How do I show that my wife is not the sole owner of the property she inherited?

Full question:

When my wife and I purchased our Condominium in Cambridge, MA in 1990, my wife's mother assisted us with a loan. A mortgage for the amount was prepared. Each year afterward, she forgave each of us $10,000 in interest and principal. When she died some years ago, my wife, her only child, was her only beneficiary, and I was the executor. Thus, my wife inherited the mortgage, which nullified it as far as we are concerned. However, it is still listed at the registry of deeds. It appears that we need to file a quitclaim deed, but I don't know quite how to describe the transaction formally and legally.

Answer:

I am unable to determine the ownership on the current deed from your question, or whether the wife's mother was named on the deed. A mortgage is typically cancelled on the records at the recorder's office by filing a satisfaction of mortgage. The executor or administrator of a mortgagee or of the holder or owner of an indebtedness secured by a mortgage or deed of trust shall, if the indebtedness was paid to the decedent in his lifetime, will acknowledge the satisfaction by delivering a release, satisfaction of mortgage or deed of release of the mortgage or deed of trust or acknowledge of satisfaction, which may be filed at the recorder's office.
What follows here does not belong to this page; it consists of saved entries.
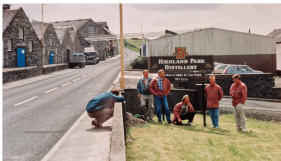
Highland Park Whisky

Från Hemön hissade vi åter segel för nästa mål, Kirkwall på Orkney öarna norr om Skottland. Återigen sightseeing med bl.a. St. Magnus katedralen och inte minst Highland Park whiskydestilleri!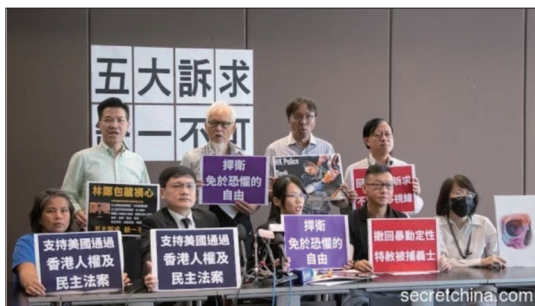
“全港反送中联席”强调警方滥用暴力问题严重，须成立独立调查委员会，才能解决困局。

由逾40个民间团体及专业团体组成的“全港反送中联席”，9月5日回应特首林郑月娥“撤回”《逃犯条例》修订草案，他们表示，经过两个多月的抗争，有市民受到严重伤害，现时撤回“已经太迟”，“难以接受”，谴责林郑是在虚假回应，并重申“五大诉求 缺一不可”，呼吁港府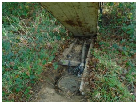
Actuelle poste de relevage en amont de la fosse toutes eaux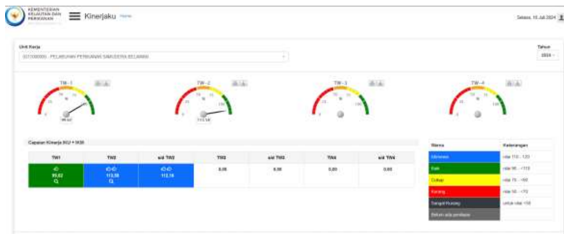
Gambar 3. Dashboard Kinerja PPS Belawan Triwulan II Tahun 2024 sebagaimana pada aplikasi http://Kinerjaku.kkp.go.id

Pada Triwulan II tahun 2024, PPS Belawan telah menetapkan 18 (Delapan belas) IK, dimana realisasi sampai dengan Triwulan II tahun 2024 menunjukkan bahwa sasaran kegiatan telah dapat dicapai dengan rata-rata capaian sebesar 113,75% (Istimewa) (Gambar2). Uraian rincian dari hasil pengukuran capaian kinerja dilaporkan pada bagian selanjutnya bab III.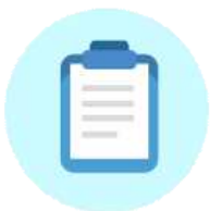
파기 계획 수립

한국청소년상담복지개발원은 파기하여야 하는 개인정보(또는 개인정보파일)에 대해 개인 정보 파기계획을 수립하여 파기합니다. 한국청소년상담복지개발원은 파기 사유가 발생한 개인정보(또는 개인정보파일)를 선정하고, 한국청소년상담복지개발원의 개인정보 보호책임자의 승인을 받아 개인정보(또는 개인정보파일)를 파기합니다.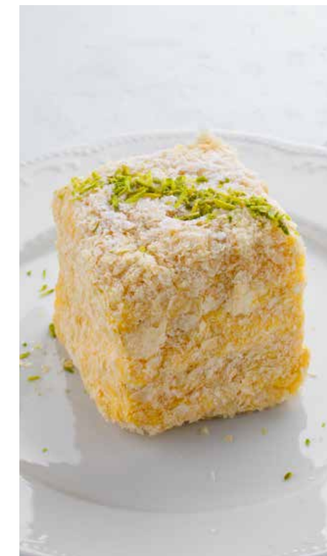
«НАПОЛЕОН» "NAPOLEON" CAKE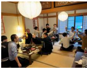
2階貸切/1日1組様限定! お座敷席は最大20名まで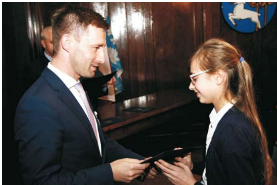
Prezydent Elku wręczył stypendia 34 najlepszym uczniom miejskich szkół.

Stypendia o wartości: 100 zł, 150 zł oraz 200 zł miesięcznie za aktywność społeczną i wyniki w nauce przyznane zostały 34 najlepszym uczniom pobierającym naukę w miejskich szkołach. Tym razem nagrodzono: 17 uczniów szkół podstawowych, 16 uczniów szkół gimnazjalnych oraz jednego ucznia Liceum Ogólnokształcącego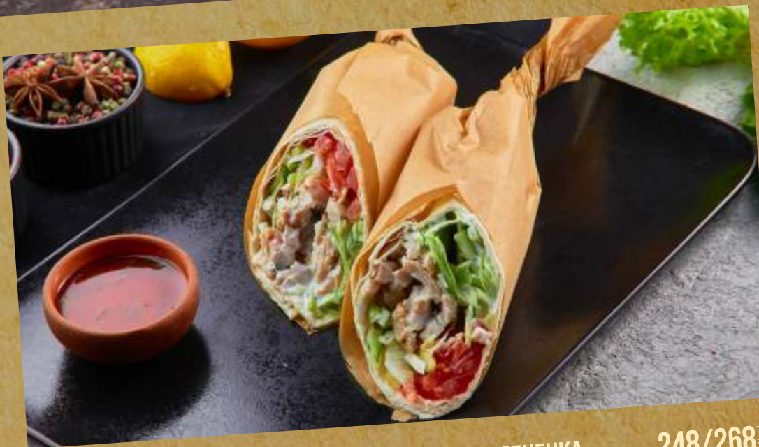
ШАВЕРМА ИЗ СОЧНОГО ЦЫПЛЕНКА / ШАВЕРМА ИЗ ЯГНЕНКА CHICKEN / LAMB DONNER 沙瓦玛鸡/沙威玛羊肉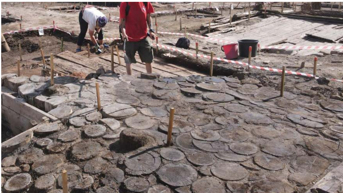
Рис. 2. Вид остатков чурочной (торцовой) мостовой или отмостки.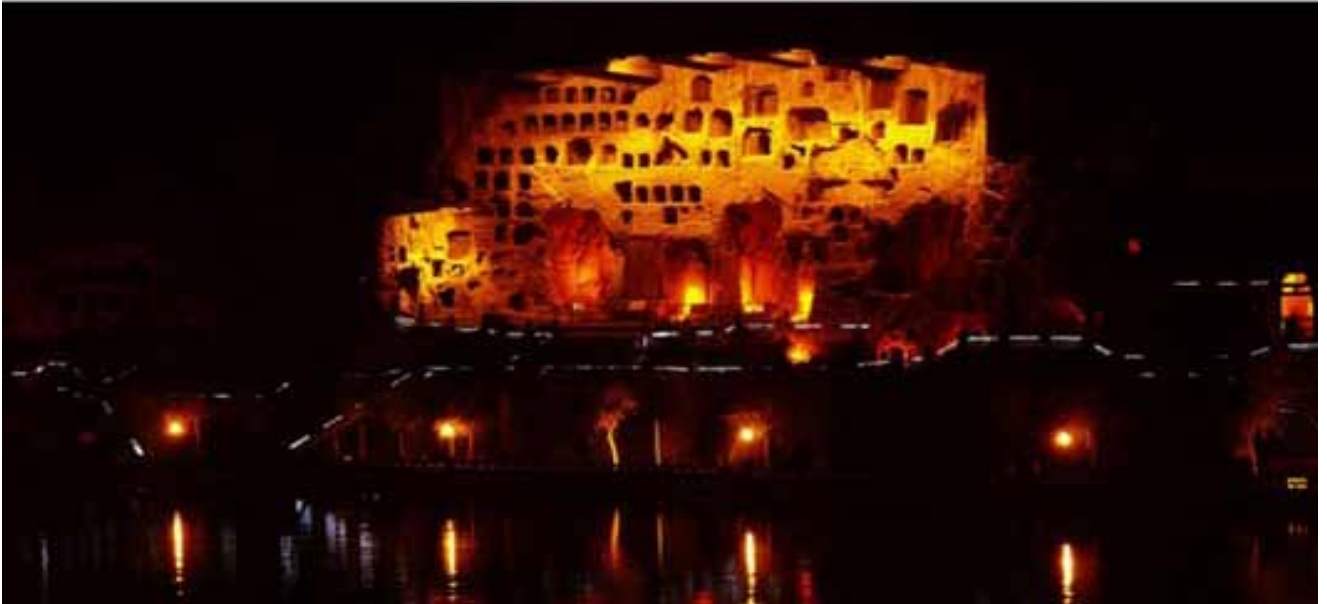
夜色中的奉先寺丢掉了历史的古味 增添了一番别样的诱惑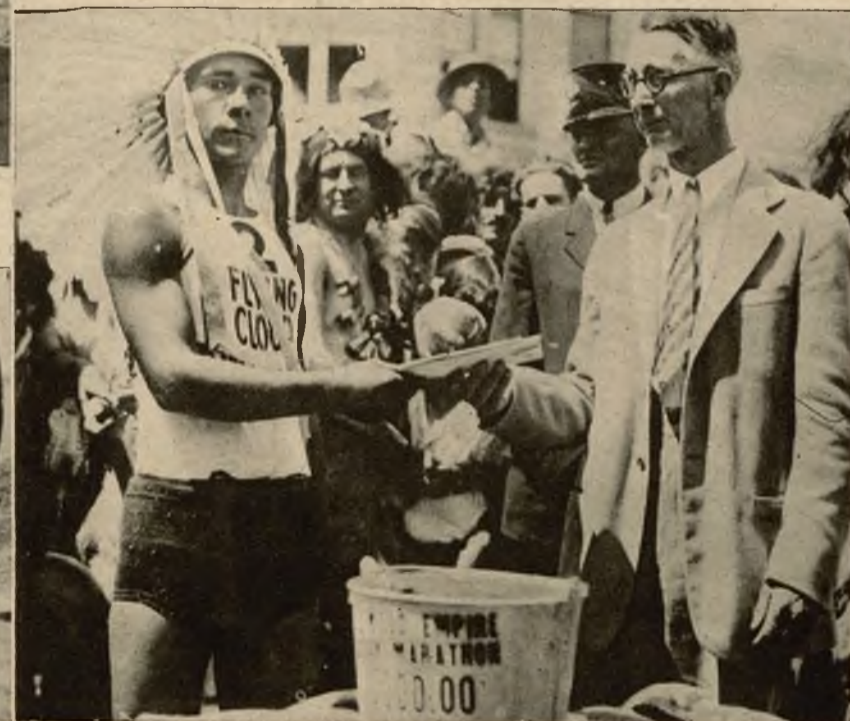
Młody sportowiec indyjski zwycięzca w biegu maratońskim przyjmuje nagrodę z rąk burmistrza.

Joint tenancy is a form of ownership by two or more individuals together that differs from other types of co-ownership in that the surviving joint tenant immediately becomes the owner of the whole property upon the death of the other joint tenant. State law, which varies by state, controls the creation of a joint tenancy in real property. Joint tenancy property passes outside of probate; however, it may be severed so that the property becomes part of one person's estate and passes to that person's heirs. Each joint tenant has an equal, undivided interest in the whole property, and may enter onto, take possession of the whole, occupy, and use every portion of the common property at all times and in all circumstances. All joint tenants, and their spouses, must sign deeds and contracts to transfer or sell real estate.

On the other hand, if the deed provides for ownership as tenants in common, each owner will own a portion of the property, which may be unequal, but each will have the right to possess the entire property. There is no "right of survivorship" if one of the tenants in common dies, and each interest may be separately sold, mortgaged or willed to another. Upon the death of a tenant in common there must be a court supervised administration of the estate of the deceased to transfer the interest in the tenancy in common.
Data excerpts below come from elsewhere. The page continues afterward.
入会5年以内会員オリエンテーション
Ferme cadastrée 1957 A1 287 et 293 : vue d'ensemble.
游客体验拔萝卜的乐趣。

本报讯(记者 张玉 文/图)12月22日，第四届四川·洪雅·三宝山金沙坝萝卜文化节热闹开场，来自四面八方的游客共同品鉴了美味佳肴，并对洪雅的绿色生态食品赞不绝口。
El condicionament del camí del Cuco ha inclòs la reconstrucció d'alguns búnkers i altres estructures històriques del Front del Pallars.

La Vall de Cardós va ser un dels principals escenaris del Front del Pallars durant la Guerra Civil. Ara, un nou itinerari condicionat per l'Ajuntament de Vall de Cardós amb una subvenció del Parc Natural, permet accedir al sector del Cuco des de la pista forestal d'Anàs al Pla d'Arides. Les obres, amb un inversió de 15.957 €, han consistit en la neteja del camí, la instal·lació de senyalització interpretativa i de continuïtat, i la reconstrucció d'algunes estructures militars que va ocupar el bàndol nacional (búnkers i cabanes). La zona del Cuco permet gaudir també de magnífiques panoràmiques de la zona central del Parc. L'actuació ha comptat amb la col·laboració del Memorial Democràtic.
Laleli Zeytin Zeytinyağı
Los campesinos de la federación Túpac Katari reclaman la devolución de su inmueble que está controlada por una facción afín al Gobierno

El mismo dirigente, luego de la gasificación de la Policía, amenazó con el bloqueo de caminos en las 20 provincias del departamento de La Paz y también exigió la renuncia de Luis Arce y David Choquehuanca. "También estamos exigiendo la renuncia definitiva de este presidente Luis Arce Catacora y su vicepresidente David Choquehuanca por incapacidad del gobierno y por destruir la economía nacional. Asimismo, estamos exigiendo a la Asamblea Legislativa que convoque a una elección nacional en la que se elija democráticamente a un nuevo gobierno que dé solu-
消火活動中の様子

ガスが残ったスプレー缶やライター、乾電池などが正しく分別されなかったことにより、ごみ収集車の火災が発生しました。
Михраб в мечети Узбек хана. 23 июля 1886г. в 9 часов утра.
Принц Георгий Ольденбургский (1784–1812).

When a person dies, their assets are distributed in the probate process. If a person dies with a will, an executor is named to handle the distribution of the estate. If the person dies without a will, the court appoints an administrator to distribute the decedent's assets according to the state's laws of intestacy. In cases where the decedent didn't own property valued at more than a certain amount, which varies by state, the estate may go through a small estate administration process, rather than the formal probate process. To dispose of the real property interests of the decedent, the executor or administrator executes an executor's deed or fiduciary deed. For example, if a person who is a joint tenant dies without a will, the administrator of the estate can execute a fiduciary deed transferring their interest to the remaining joint tenants, or other person entitled to receive the interest under intestacy laws of the state.
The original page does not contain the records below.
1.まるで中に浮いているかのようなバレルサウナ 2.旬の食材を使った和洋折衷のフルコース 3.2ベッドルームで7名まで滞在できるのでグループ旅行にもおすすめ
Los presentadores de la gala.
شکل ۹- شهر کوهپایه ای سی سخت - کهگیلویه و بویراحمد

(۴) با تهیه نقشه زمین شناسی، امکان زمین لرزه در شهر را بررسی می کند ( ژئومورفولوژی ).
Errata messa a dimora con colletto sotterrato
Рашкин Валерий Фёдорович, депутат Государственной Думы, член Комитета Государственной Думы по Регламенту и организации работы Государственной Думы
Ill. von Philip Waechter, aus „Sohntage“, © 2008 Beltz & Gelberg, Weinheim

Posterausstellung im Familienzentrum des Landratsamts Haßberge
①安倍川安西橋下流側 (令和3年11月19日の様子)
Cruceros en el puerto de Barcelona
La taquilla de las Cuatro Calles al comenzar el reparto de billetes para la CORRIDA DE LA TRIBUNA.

In the case of a life tenant who holds a life estate, when the life tenant dies, their interest may pass to the remaindermen. Title may also return to the person giving or deeding the property or to his/her surviving children or descendants upon the death of the life tenant--this is called "reversion."

This content is for informational purposes only and is not legal advice. Legal statutes mentioned reflect the law at the time the content was written and may no longer be current. Always verify the latest version of the law before relying on it.

FAQs

A satisfaction of mortgage in Massachusetts is a legal document that confirms a mortgage has been paid off in full. It releases the lien on the property, allowing the owner to clear the title. This document must be filed at the registry of deeds to officially remove the mortgage from public records. As the executor of an estate, you can file this document to acknowledge that the mortgage is satisfied.